🤖 AI Summary
Spiking neural networks (SNNs) face three key challenges in neuromorphic computing: lack of general-purpose gradient-based training, inadequate modeling of spike latency, and high memory overhead of sparse event representations on AI accelerators. This paper introduces the first hardware-aware, differentiable event queue framework, embedding automatic differentiation directly into spike event scheduling—enabling unified support for both latency-aware modeling and sparse computation. We design four queue architectures—tree-based, FIFO, circular buffer, and sort-based—and integrate selective spike dropping to achieve low-memory, end-to-end differentiable spike simulation across CPUs, GPUs, TPUs, and LPUs. Experiments reveal that queue architecture critically impacts performance: GPUs excel at small-scale simulations, while TPUs favor sort-based designs. The framework enables flexible accuracy–efficiency trade-offs, establishing a new paradigm for efficient SNN training on heterogeneous accelerators.
📝 Abstract
Spiking neural networks (SNNs), central to computational neuroscience and neuromorphic machine learning (ML), require efficient simulation and gradient-based training. While AI accelerators offer promising speedups, gradient-based SNNs typically implement sparse spike events using dense, memory-heavy data-structures. Existing exact gradient methods lack generality, and current simulators often omit or inefficiently handle delayed spikes. We address this by deriving gradient computation through spike event queues, including delays, and implementing memory-efficient, gradient-enabled event queue structures. These are benchmarked across CPU, GPU, TPU, and LPU platforms.
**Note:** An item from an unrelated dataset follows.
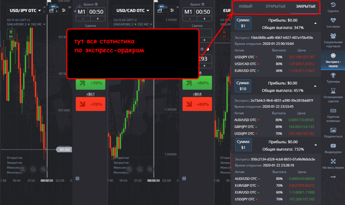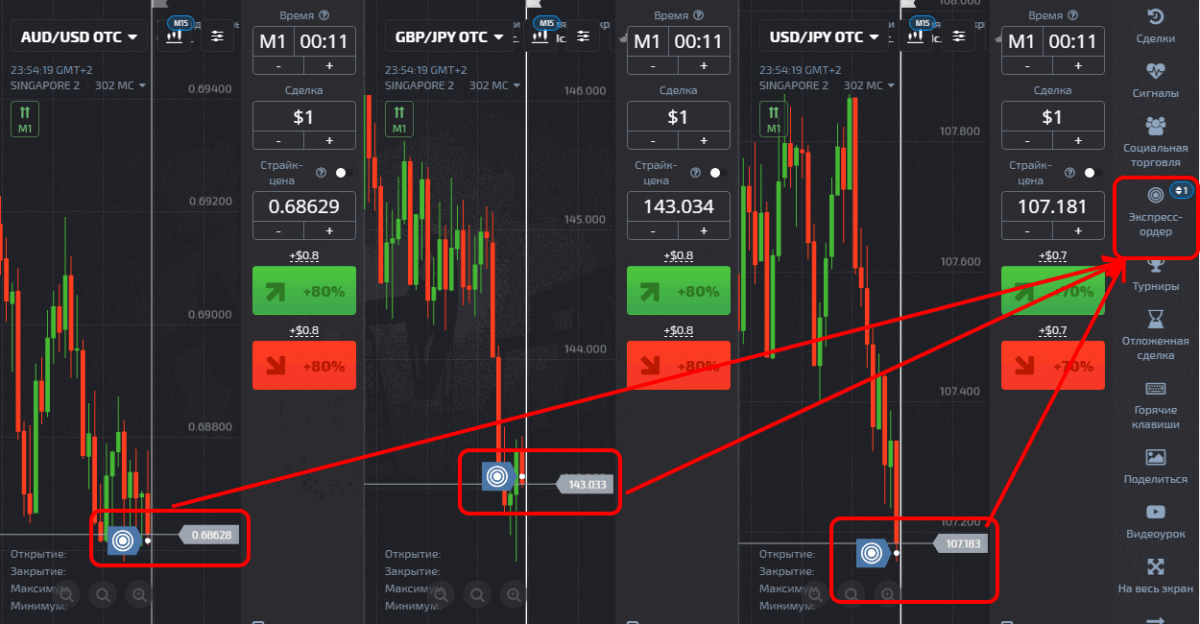 В рабочем интерфейсе торговой платформы ищем в правом меню опцию «Экспресс-ордер», где открывается список активов, с направлением, процентом премии и сроком экспирации. Примерно так: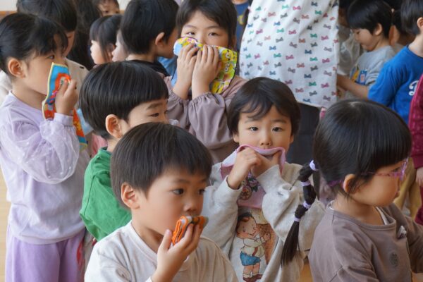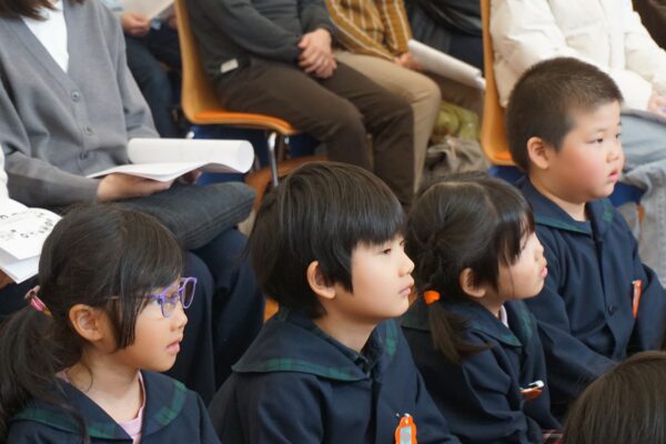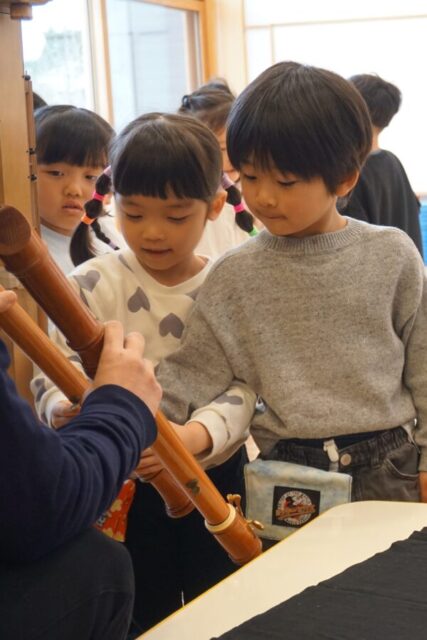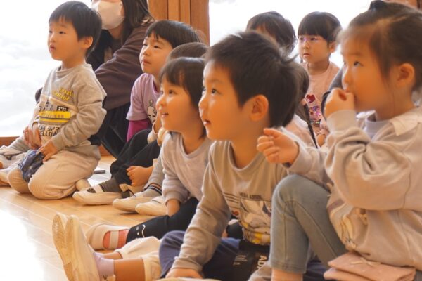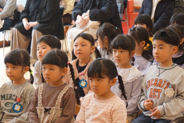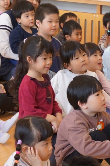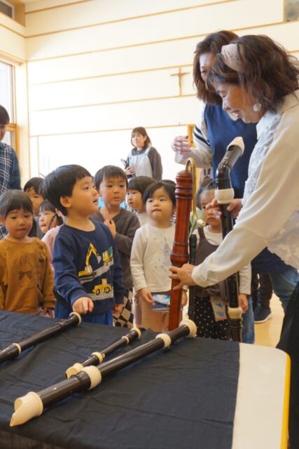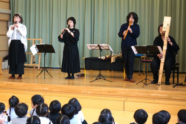 2月26日(木) 笛の演奏会 雅美先生とそのお友だちの笛演奏グループ「笛部」が素敵な演奏会を開いてくれました。子どもたちは笛の音色のあまりの美しさに、皆真剣なまなざしで聴き入っていましたよ♫

We find that queue design strongly shapes performance. CPUs, as expected, perform well with traditional tree-based or FIFO implementations, while GPUs excel with ring buffers for smaller simulations, yet under higher memory pressure prefer more sparse data-structures. TPUs seem to favor an implementation based on sorting intrinsics. Selective spike dropping provides a simple performance-accuracy trade-off, which could be enhanced by future autograd frameworks adapting diverging primal/tangent data-structures.